__DATA EXTRACT__:

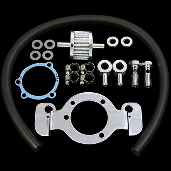 91年以降 XL素材:スチール07年式以降のインジェクション車には付属のサポートブラケットは使用しません。また、使用するエアクリーナーによっては、スロットルボディブラケットのスクリューがエアクリーナーのバッキングプレートに干渉する恐れがありますのでスペーサーをご用意下さい。
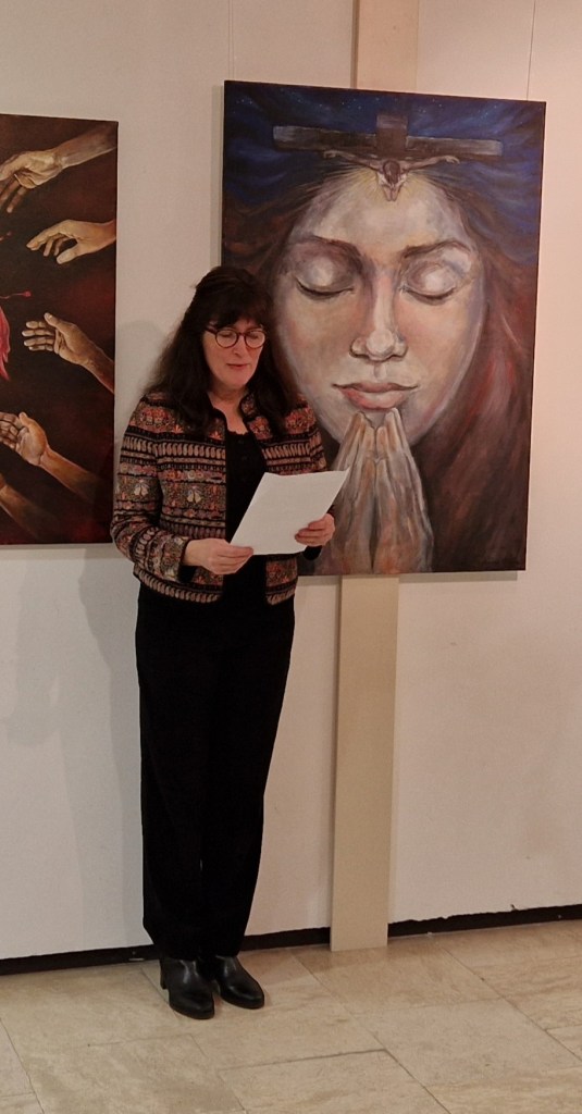 2024 február 17-én Veszprémben az Agóra Művelődési Központban megnyílt a “Lélekképek” című, nagyböjtre hangoló kiállításunk. Interaktív jellegű megnyitóval, kérdéseket, gondolat-indítókat tartalmazó, választható-húzható kártyákkal is készültünk. Négy fő téma, kapcsolati irány köré rendeztük a tárlatot: kapcsolatban magunkkal, a világgal, embertársainkkal, Istennel. A megnyitón t’ARS műhely 7 kiállítója saját gondolatait osztotta meg ezen irányok mentén, egy-egy saját alkotáshoz fűzve. A zenei szolgálatot egyik társunk férjével, Lőrincz Milánnal együtt jómagam vittem gitárral. Instrumentális átkötéseket játszottunk az egyes fázisok között, illetve a megnyitó elején és végén a közös éneklést is vezettük.
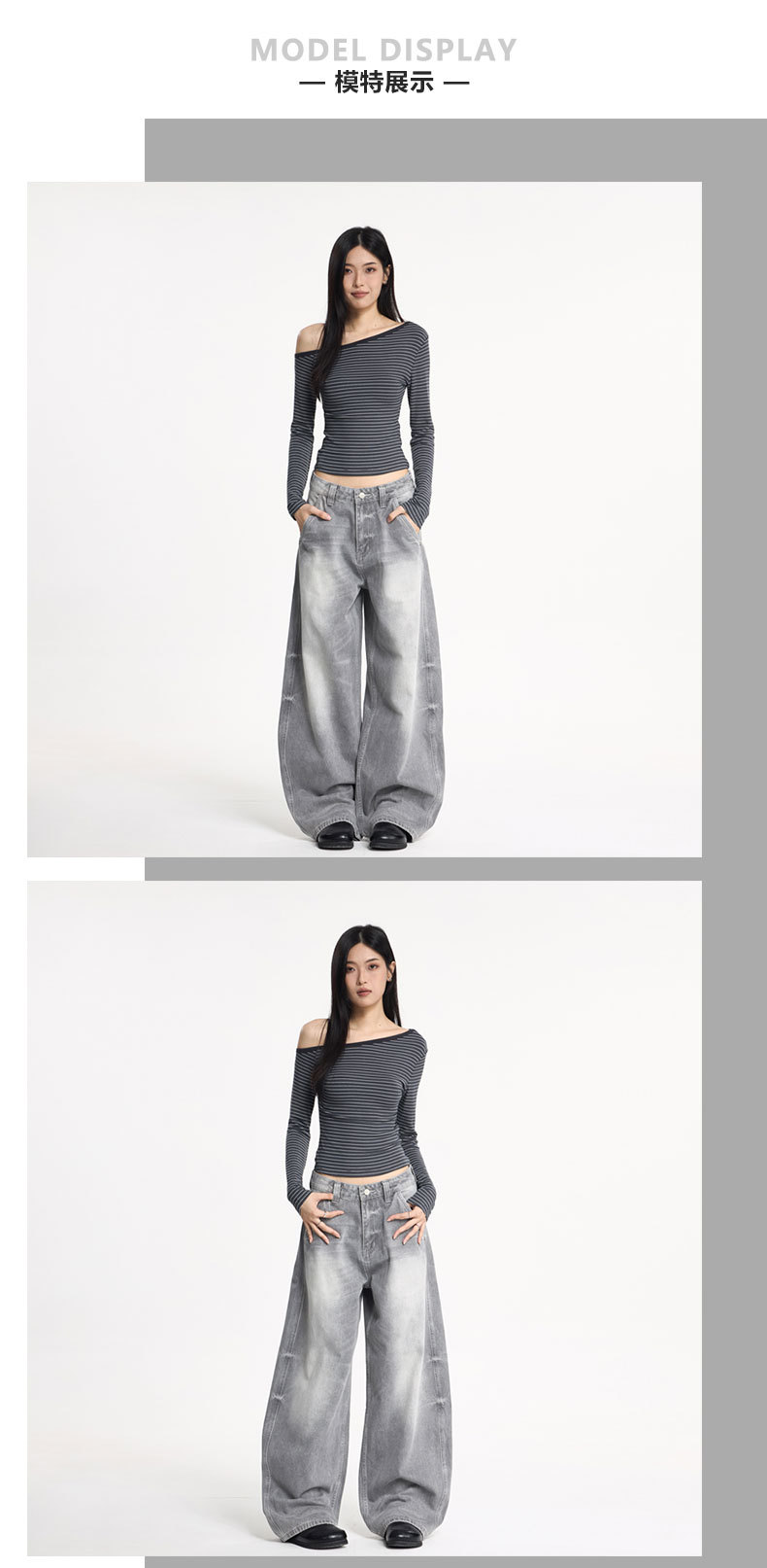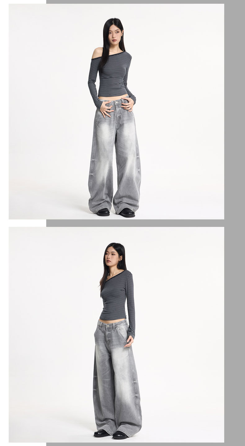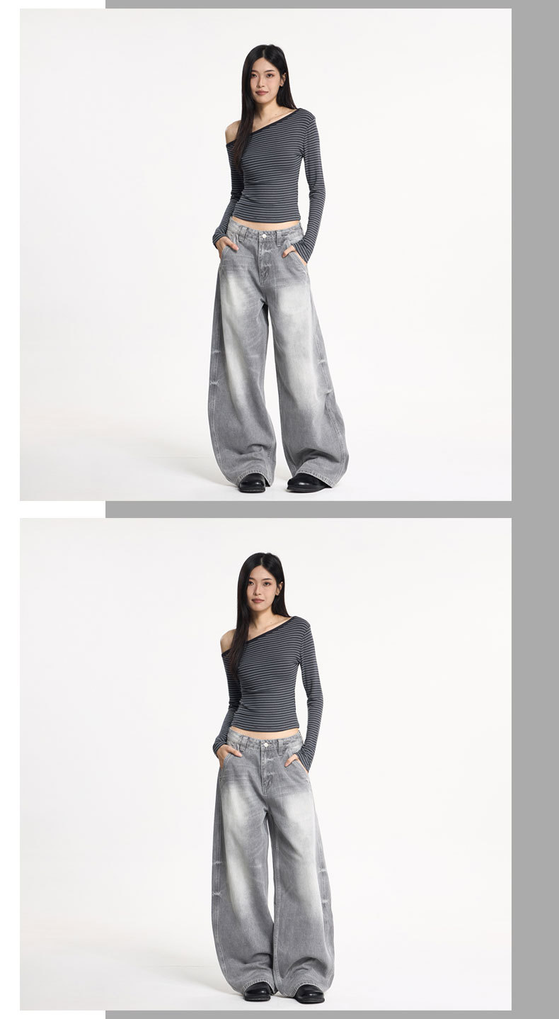 JIAMU灰色美式高街baggy jeans中性阔腿牛仔裤男女宽松廓形香蕉裤
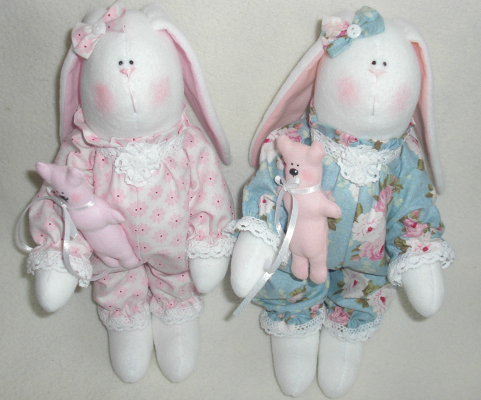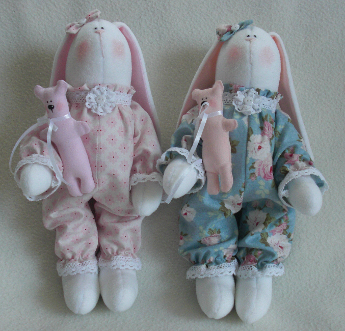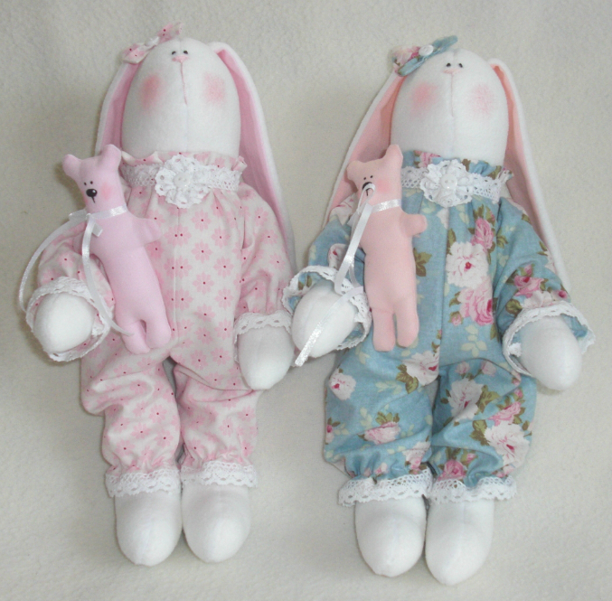 Представляю вашему вниманию очаровательных заек в милых пижамках! Эти малышки сшиты на заказ для двух маленьких сестричек, надеюсь, они подарят им радость и хорошее настроение!))

__TASK BRIEF__: Repeat each line of the material exactly, please, and skip every picture.

__REPLY__:
 91年以降 XL素材:スチール07年式以降のインジェクション車には付属のサポートブラケットは使用しません。また、使用するエアクリーナーによっては、スロットルボディブラケットのスクリューがエアクリーナーのバッキングプレートに干渉する恐れがありますのでスペーサーをご用意下さい。
 2024 február 17-én Veszprémben az Agóra Művelődési Központban megnyílt a “Lélekképek” című, nagyböjtre hangoló kiállításunk. Interaktív jellegű megnyitóval, kérdéseket, gondolat-indítókat tartalmazó, választható-húzható kártyákkal is készültünk. Négy fő téma, kapcsolati irány köré rendeztük a tárlatot: kapcsolatban magunkkal, a világgal, embertársainkkal, Istennel. A megnyitón t’ARS műhely 7 kiállítója saját gondolatait osztotta meg ezen irányok mentén, egy-egy saját alkotáshoz fűzve. A zenei szolgálatot egyik társunk férjével, Lőrincz Milánnal együtt jómagam vittem gitárral. Instrumentális átkötéseket játszottunk az egyes fázisok között, illetve a megnyitó elején és végén a közös éneklést is vezettük.
 JIAMU灰色美式高街baggy jeans中性阔腿牛仔裤男女宽松廓形香蕉裤
 Представляю вашему вниманию очаровательных заек в милых пижамках! Эти малышки сшиты на заказ для двух маленьких сестричек, надеюсь, они подарят им радость и хорошее настроение!))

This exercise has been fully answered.